SUPPLIED DATA START

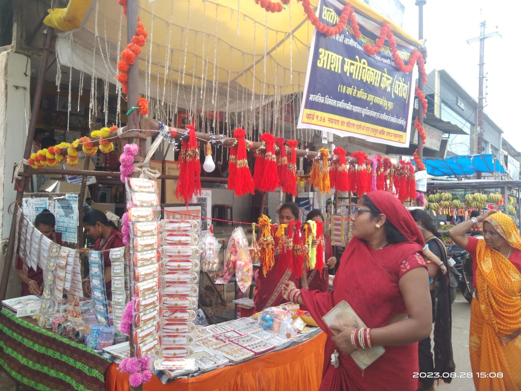 महासमुंद के नयापारा स्थित घरौंदा केंद्र में लगभग 20 मानसिक दिव्यांगों के द्वारा आकर्षक राखियां बनाई जा रही हैं जो कम कीमत की होने के साथ लोगों की पहली पसंद बनी हुई है। 27 अगस्त से बाजार में इन राखियों स्टाल लगाकर बेचा जाएगा। अब तक यहां बच्चों के द्वारा 1500 से ज्यादा राखियां बनाई जा चुकी हैं। गौर करने वाली बात यह है इन राखियों की बाजार में काफी डिमांड भी देखी जा रही है। 5 रुपए से लेकर 100 रुपए तक की राखियां लोगों की पहली पसंद बनी हुई है।कलेक्टर श्री प्रभात मलिक को भी इन बहनों ने राखी बांधी। उन्होंने इनके काम को बहुत सराहा।
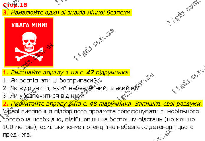 3. Намалюйте один зі знаків мінної безпеки. 1. Виконайте вправу 1 на с. 47 підручника. 1. Як розпізнати ці боєприпаси? 2. Як відрізнити, який небезпечний, а який ні? 3. Як убезпечитися від них? 2. Прочитайте вправу 2 на с. 48 підручника. Запишіть свої роздуми. У разі виявлення підозрілого предмета телефонувати з мобільного телефона необхідно, відійшовши на безпечну відстань (не менше 100 метрів), оскільки існує потенційна небезпека детонації цього предмета.
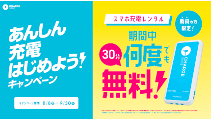 モバイルバッテリーのシェアリングサービスを始めるきっかけとなるよう、キャンペーン期間中、新規ユーザー(8月7日までに利用経験のない人)に限り、1回30分未満なら何度でも無料で利用できる。エントリーは不要で、自動適用される。ただし、一部のテーマパークなどは対象外。
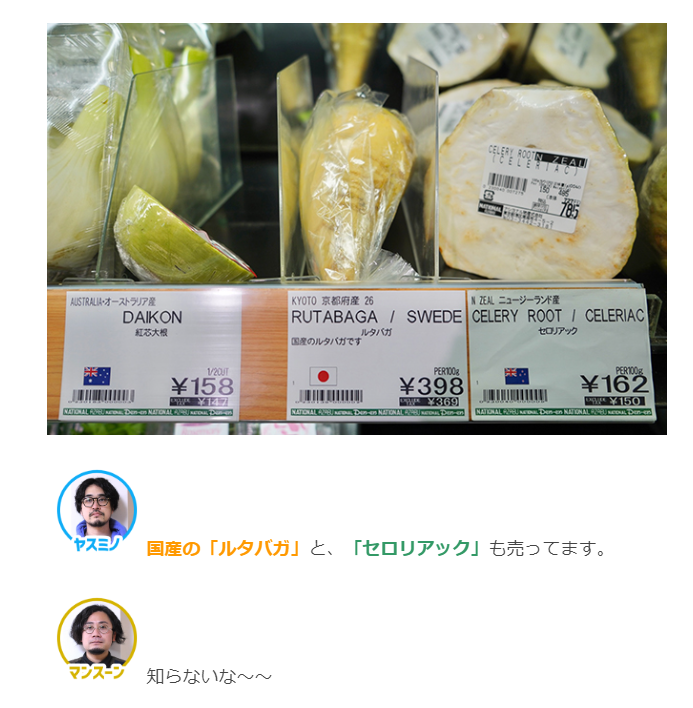 珍しい食材がたくさん売っているスーパー「ナショナル麻布」さんにて、知らない物をたくさん買って食べてみる記事です。カブのような芋のようなルタバガって野菜、めちゃくちゃ美味しい。

SUPPLIED DATA END

- WORK INSTRUCTIONS
Exactly reproduce the run of lines from the start of the listing through the line with "モバイルバッテリーのシェアリ", inclusive; pictures are not copied.

- ANSWER SECTION
 महासमुंद के नयापारा स्थित घरौंदा केंद्र में लगभग 20 मानसिक दिव्यांगों के द्वारा आकर्षक राखियां बनाई जा रही हैं जो कम कीमत की होने के साथ लोगों की पहली पसंद बनी हुई है। 27 अगस्त से बाजार में इन राखियों स्टाल लगाकर बेचा जाएगा। अब तक यहां बच्चों के द्वारा 1500 से ज्यादा राखियां बनाई जा चुकी हैं। गौर करने वाली बात यह है इन राखियों की बाजार में काफी डिमांड भी देखी जा रही है। 5 रुपए से लेकर 100 रुपए तक की राखियां लोगों की पहली पसंद बनी हुई है।कलेक्टर श्री प्रभात मलिक को भी इन बहनों ने राखी बांधी। उन्होंने इनके काम को बहुत सराहा।
 3. Намалюйте один зі знаків мінної безпеки. 1. Виконайте вправу 1 на с. 47 підручника. 1. Як розпізнати ці боєприпаси? 2. Як відрізнити, який небезпечний, а який ні? 3. Як убезпечитися від них? 2. Прочитайте вправу 2 на с. 48 підручника. Запишіть свої роздуми. У разі виявлення підозрілого предмета телефонувати з мобільного телефона необхідно, відійшовши на безпечну відстань (не менше 100 метрів), оскільки існує потенційна небезпека детонації цього предмета.
 モバイルバッテリーのシェアリングサービスを始めるきっかけとなるよう、キャンペーン期間中、新規ユーザー(8月7日までに利用経験のない人)に限り、1回30分未満なら何度でも無料で利用できる。エントリーは不要で、自動適用される。ただし、一部のテーマパークなどは対象外。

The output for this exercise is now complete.